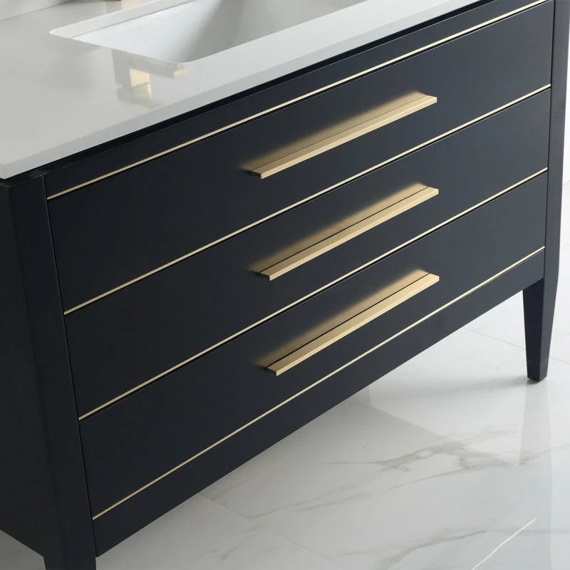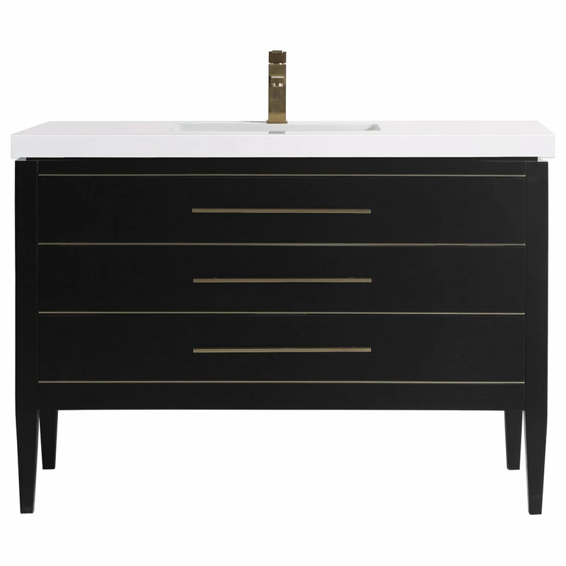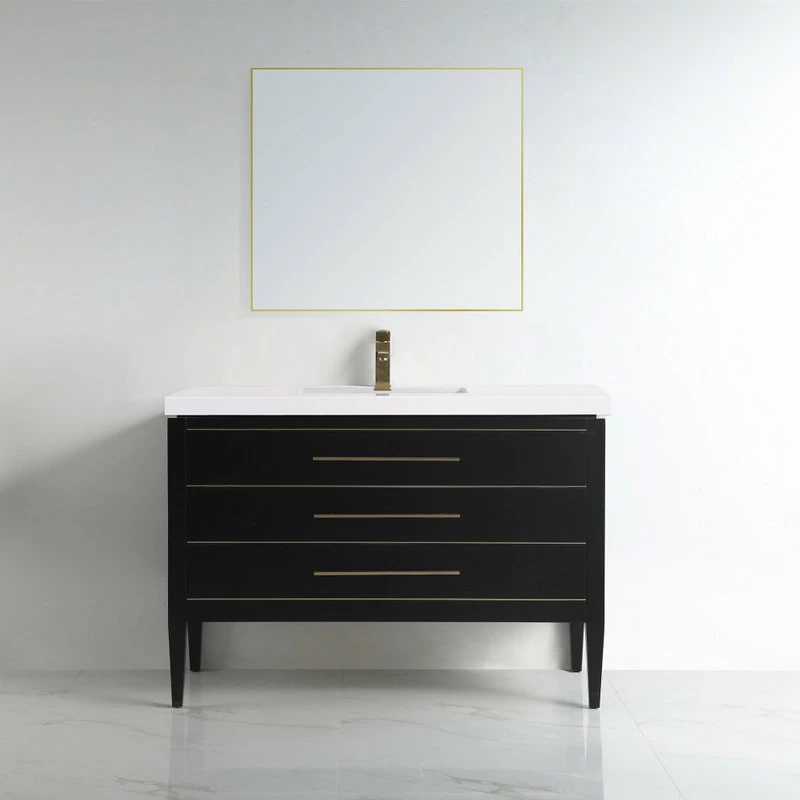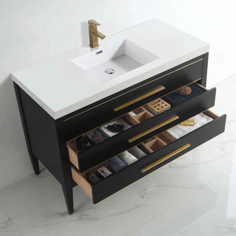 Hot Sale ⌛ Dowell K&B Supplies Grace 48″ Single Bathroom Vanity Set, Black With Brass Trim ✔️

......

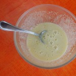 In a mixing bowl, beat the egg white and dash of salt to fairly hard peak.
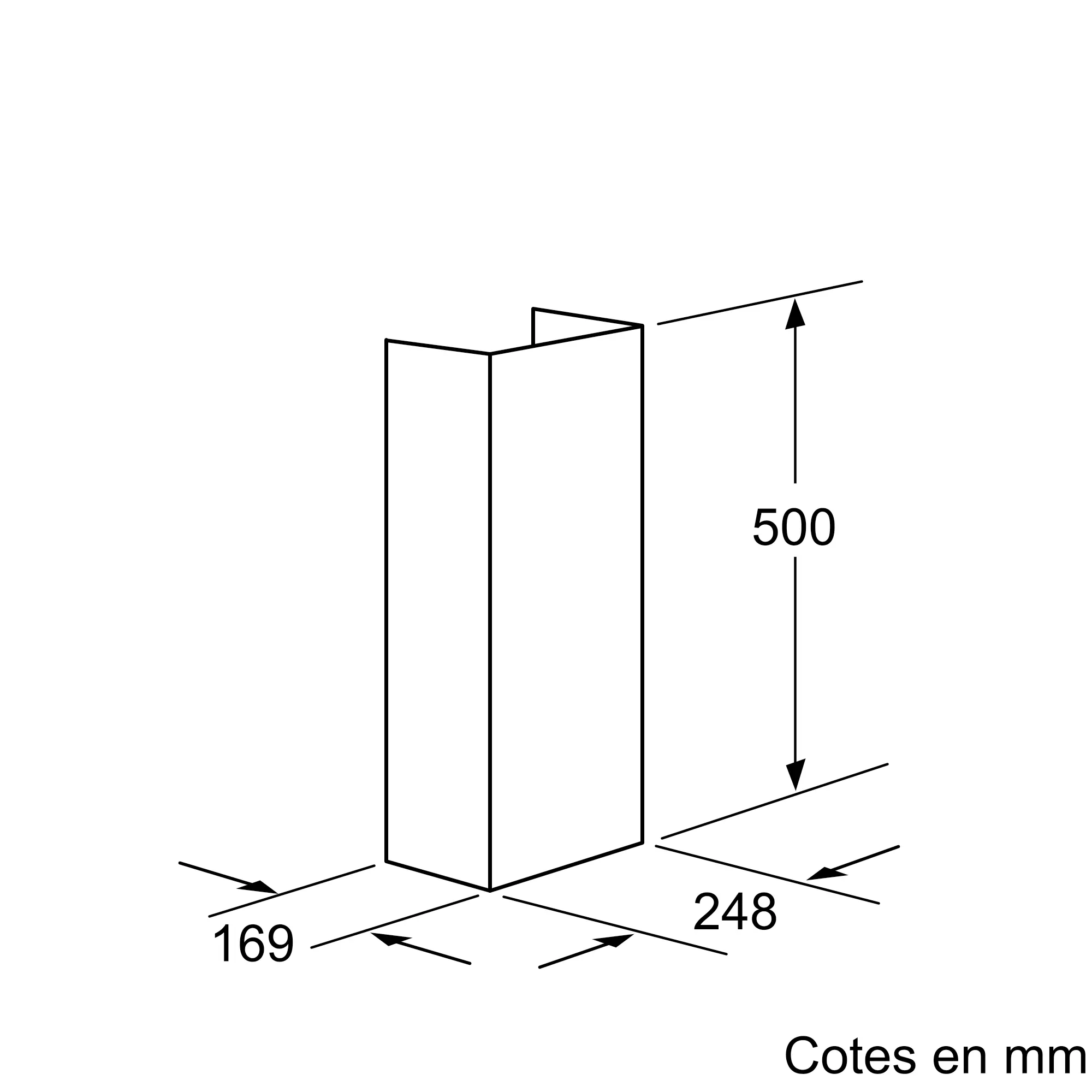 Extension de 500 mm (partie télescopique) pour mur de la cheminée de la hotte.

......

-- EXERCISE DIRECTIONS --
Once the line with "In a mixing" is found in the data above, reproduce it and each line after it exactly, through the line with "Extension de 500". Omit the pictures.

-- SOLUTION FOR THIS PROBLEM --
 In a mixing bowl, beat the egg white and dash of salt to fairly hard peak.
 Extension de 500 mm (partie télescopique) pour mur de la cheminée de la hotte.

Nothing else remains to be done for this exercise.